SOURCE DATA:
--- START ---
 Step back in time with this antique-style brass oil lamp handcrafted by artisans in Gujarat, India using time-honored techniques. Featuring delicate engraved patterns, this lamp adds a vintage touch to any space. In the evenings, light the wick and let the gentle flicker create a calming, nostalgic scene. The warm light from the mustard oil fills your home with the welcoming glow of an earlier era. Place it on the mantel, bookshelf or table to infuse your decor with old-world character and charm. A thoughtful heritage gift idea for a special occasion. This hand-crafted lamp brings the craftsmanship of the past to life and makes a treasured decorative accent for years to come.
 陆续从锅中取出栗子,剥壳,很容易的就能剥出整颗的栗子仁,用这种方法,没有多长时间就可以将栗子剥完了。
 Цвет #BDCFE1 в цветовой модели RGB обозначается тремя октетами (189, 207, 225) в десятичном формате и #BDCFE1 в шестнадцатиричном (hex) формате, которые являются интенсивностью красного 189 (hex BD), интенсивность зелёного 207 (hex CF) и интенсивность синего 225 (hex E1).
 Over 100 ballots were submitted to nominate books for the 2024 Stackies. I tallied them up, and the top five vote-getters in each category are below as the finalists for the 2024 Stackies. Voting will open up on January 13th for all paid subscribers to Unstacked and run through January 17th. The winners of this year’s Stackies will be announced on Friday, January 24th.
--- END ---
--- START ---
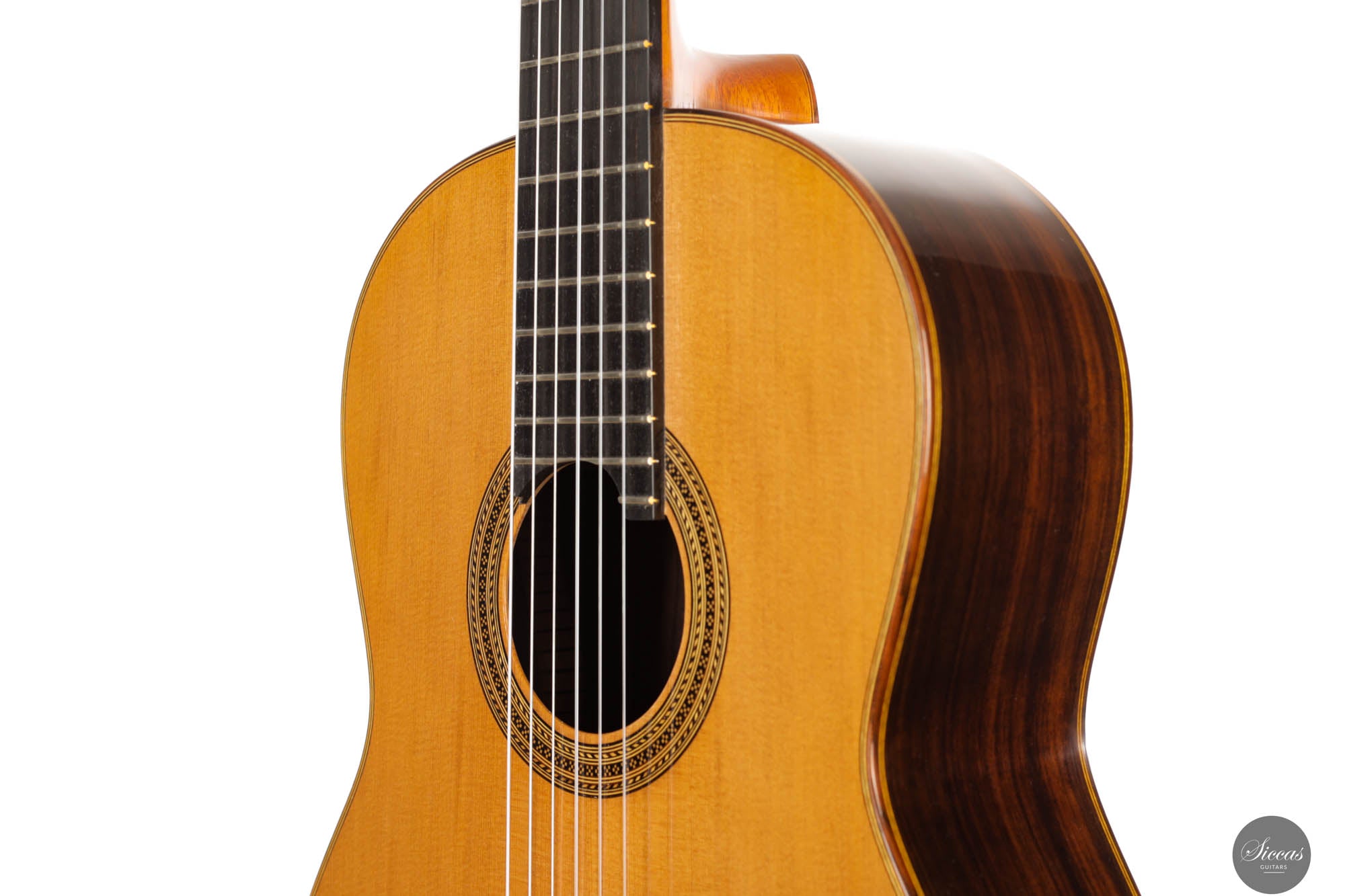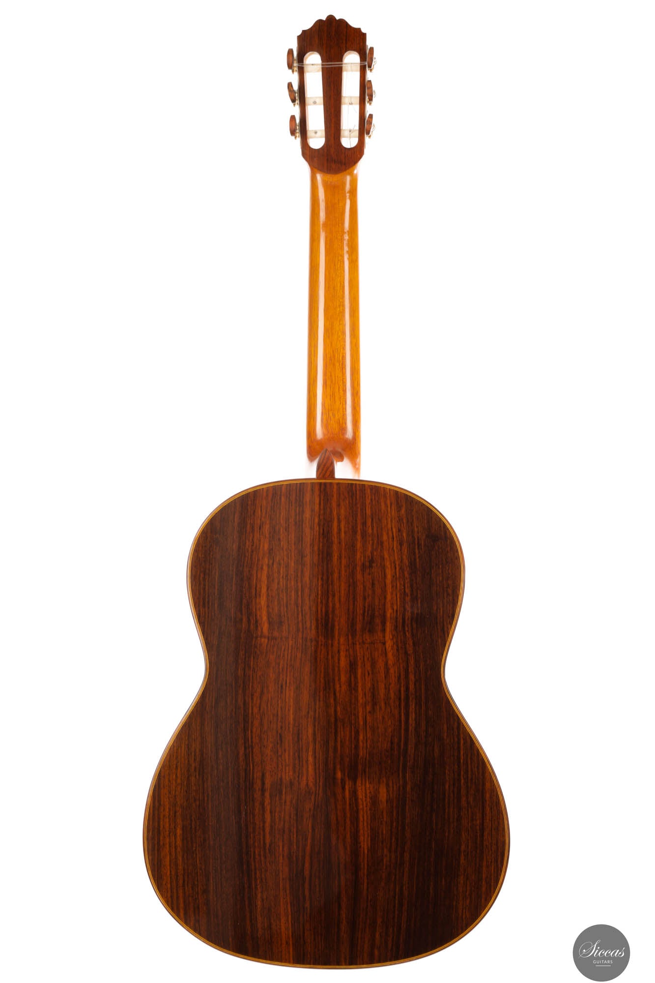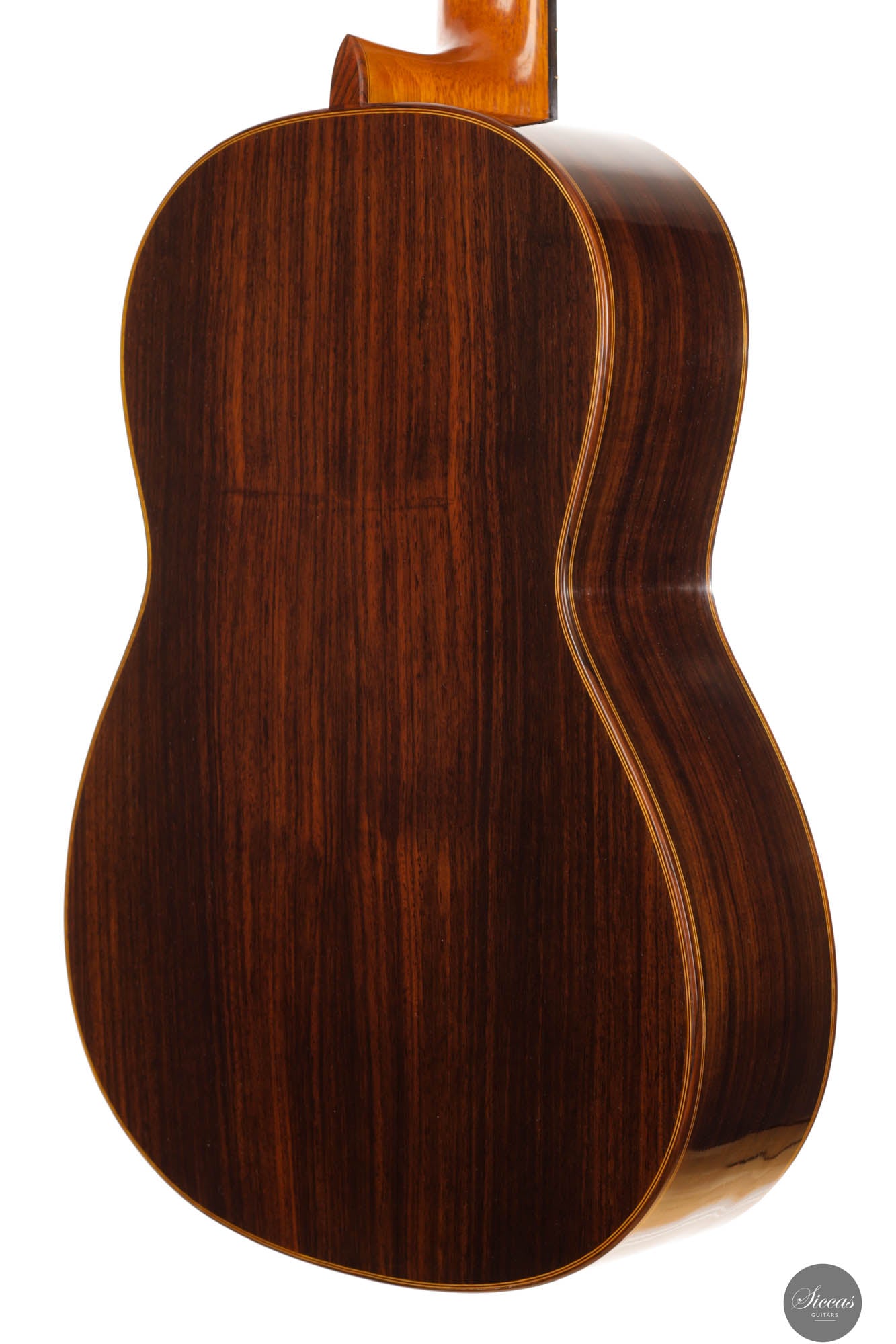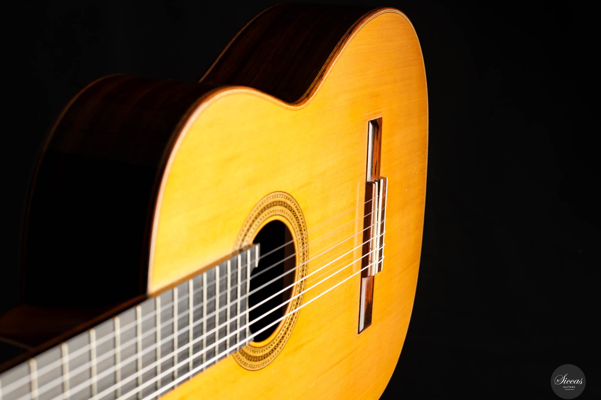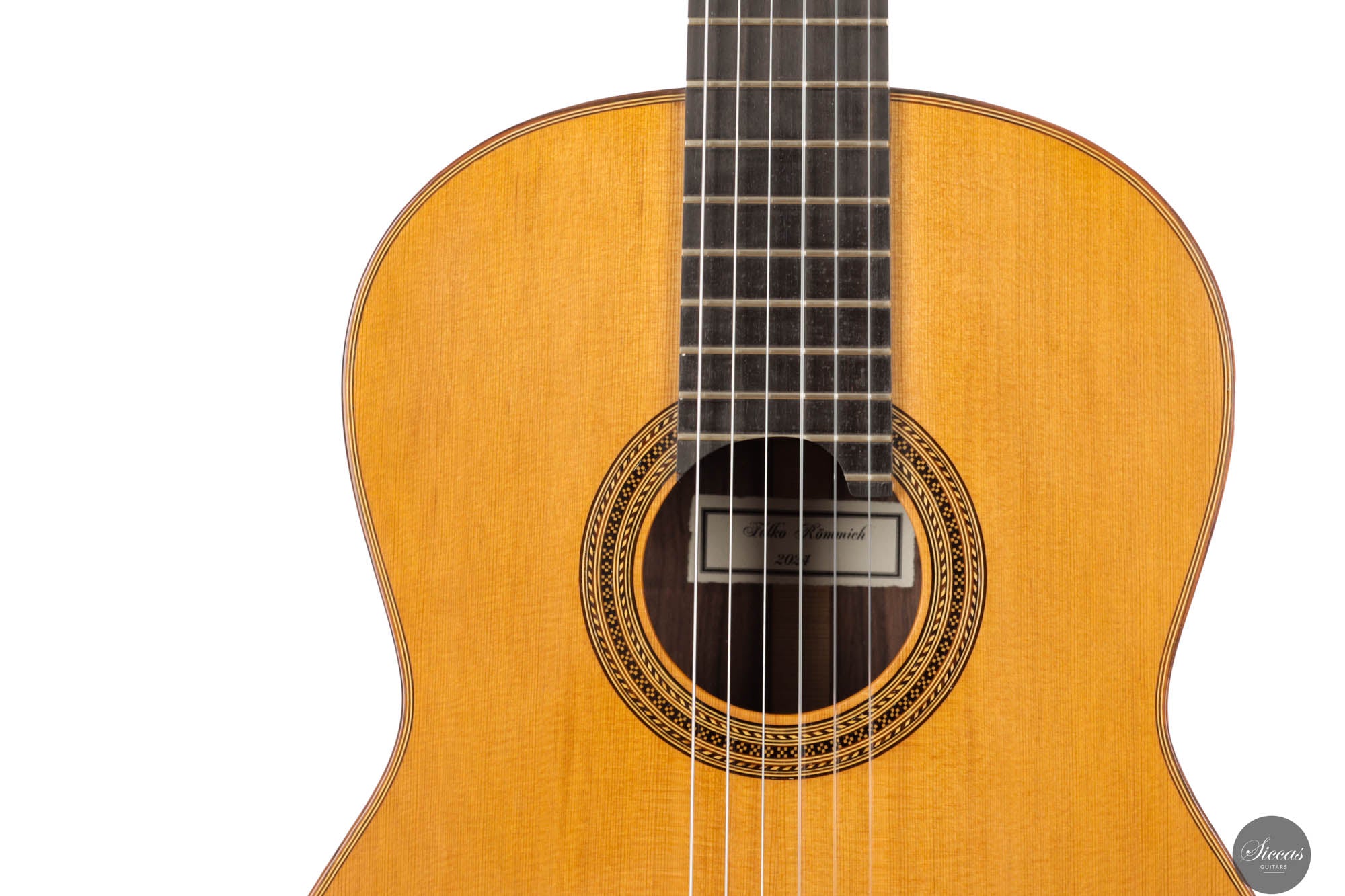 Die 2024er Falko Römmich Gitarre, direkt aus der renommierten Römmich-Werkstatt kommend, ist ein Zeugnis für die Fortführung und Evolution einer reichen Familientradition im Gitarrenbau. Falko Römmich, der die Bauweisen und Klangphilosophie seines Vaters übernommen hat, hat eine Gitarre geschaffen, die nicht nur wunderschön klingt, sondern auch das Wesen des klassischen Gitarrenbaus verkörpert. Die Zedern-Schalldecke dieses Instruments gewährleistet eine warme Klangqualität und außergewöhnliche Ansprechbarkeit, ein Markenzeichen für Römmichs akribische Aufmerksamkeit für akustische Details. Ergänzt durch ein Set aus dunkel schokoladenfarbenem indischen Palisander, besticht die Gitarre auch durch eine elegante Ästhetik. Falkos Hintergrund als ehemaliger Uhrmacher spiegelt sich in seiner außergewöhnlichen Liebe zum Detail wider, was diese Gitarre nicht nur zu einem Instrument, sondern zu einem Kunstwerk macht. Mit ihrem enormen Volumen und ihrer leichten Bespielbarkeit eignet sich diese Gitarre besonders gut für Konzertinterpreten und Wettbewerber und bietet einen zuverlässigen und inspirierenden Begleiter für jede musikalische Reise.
--- END ---
ABOUT THIS EXERCISE:
Of the entries above, transcribe exactly those lines that fall between the line containing "Step back in" and the line containing "陆续从锅中取出栗子,剥壳,很", together with those two lines.

SOLUTION FOR THIS PROBLEM:
 Step back in time with this antique-style brass oil lamp handcrafted by artisans in Gujarat, India using time-honored techniques. Featuring delicate engraved patterns, this lamp adds a vintage touch to any space. In the evenings, light the wick and let the gentle flicker create a calming, nostalgic scene. The warm light from the mustard oil fills your home with the welcoming glow of an earlier era. Place it on the mantel, bookshelf or table to infuse your decor with old-world character and charm. A thoughtful heritage gift idea for a special occasion. This hand-crafted lamp brings the craftsmanship of the past to life and makes a treasured decorative accent for years to come.
 陆续从锅中取出栗子,剥壳,很容易的就能剥出整颗的栗子仁,用这种方法,没有多长时间就可以将栗子剥完了。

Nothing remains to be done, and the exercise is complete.